И если лебедь, грузно вышедший на берег, готов её слушать, она расскажет ему по памяти всё, что там было написано.
Свердловск, ноябрь 1986 г. – март 1987 г.
Старый дневник Ксаны
Димку забрали в армию. Не в Афган и не в морфлот, а в Эстонию. Я ему даже немного завидую, потому что всегда очень хотела побывать в Прибалтике. Брат служит не в Таллине, а в городке Тапа неподалёку от границы с Россией, и пока это не служба, а «учебка». Мама уже немного успокоилась и даже говорит, что поедет на присягу, если ей удастся совместить это с командировкой в Ленинград. Меня она с собой не возьмёт, я должна учиться, хотя, по-моему, я всем уже доказала, что могу сдать экзамены приличнее некоторых. Например, Варя получила «три» по алгебре, у Таракановой вообще сплошные трояки, и Алина Юрьевна советовала ей продолжить обучение в ПТУ, но Княжна и бровью не повела, явилась в девятый класс, будто так и надо.
На проводы она тоже, конечно, явилась, причём играла там, как сказала мама, первую скрипку. Держала Димку под руку, обнималась с ним, даже всплакнула, хотя она не из плаксивых, я-то знаю. Димка лысый был такой смешной! И почему-то ещё сильнее в таком виде походил на Танечку, хотя у неё длинные волнистые волосы.
Брат пишет Таракановой письма чуть не каждый день, а мне прислал только одно письмо с просьбой отправить ему бандеролью пять пачек «Космоса». Я и раньше знала, что он курит, но не до такой же степени, чтобы сразу пять пачек! Попросила Рината Файрушина из нашего класса, он обещал завтра сходить со мной за сигаретами. Ринат уже бреется, ему точно продадут. Деньги взяла у мамы, сказала, что в классе собирают ко Дню учителя.

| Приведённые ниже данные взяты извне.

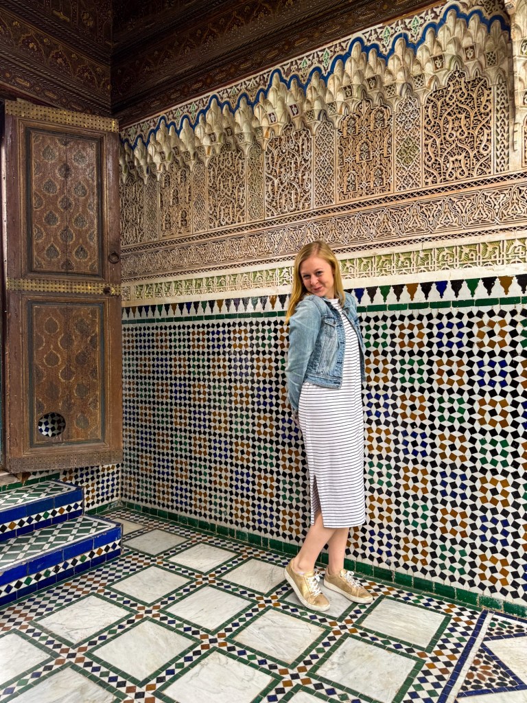 While I enjoyed exploring Bahia Palace, I adored my visit to El Badi Palace, which dates back to the 1500s. We had so much fun wandering the ancient walls and palace grounds. We weren’t able to book in advance but had no problem buying tickets on the spot — also in cash. Be sure to walk through its museum to see photos of Morocco dating back to the the 1930s and learn more about Moroccan history and culture.

С классом ездили на днях в лесхоз, часа четыре работали, а потом бесились в своё удовольствие. Ринат взял фотоаппарат и уже даже напечатал снимки. Я рассматриваю себя на этих снимках и думаю, какая же я всё-таки уродина. Может, всё дело в этих косах, которые мама не разрешает отрезать? Ну и одета я немодно. Надеюсь, мама привезёт мне из Эстонии что-нибудь новое – джинсы, как у Вари, или белые полусапожки, как у Люси Имановой.
Тараканова в лесхозе вела себя вызывающе. Видел бы Димка! Ринат сфотографировал, как она лежит на траве в спортивных штанах и тёмном лифчике: изображает, что это у неё верх от купальника! Руки закинула за голову, под мышками рыжие волосы – как кисточки для рисования. На носу очки с «флагом», которые она взяла у кого-то из мальчишек. Фу! Не понимаю, как можно встречаться с такой девочкой. Вот возьму и пошлю брату в армию эту фотографию. Уверена, он тут же охладеет к Ире. Но это я только здесь так говорю, на самом деле не возьму и не пошлю. Это было бы подло.
Домой к нам Княжна теперь не ходит.
С папой мы снова общаемся, но это уже совсем другой папа, и я тоже другая в этом общении. Раньше я не замечала каких-то вещей, просто не придавала им значения, а теперь каждое его слово, каждое присутствие – и особенно отсутствие! – имеют совсем другой смысл. Но внешне всё выглядит так, как было раньше; во всяком случае, мама ни о чём не догадалась. А ведь мы оба её ужасно обманываем и предаём.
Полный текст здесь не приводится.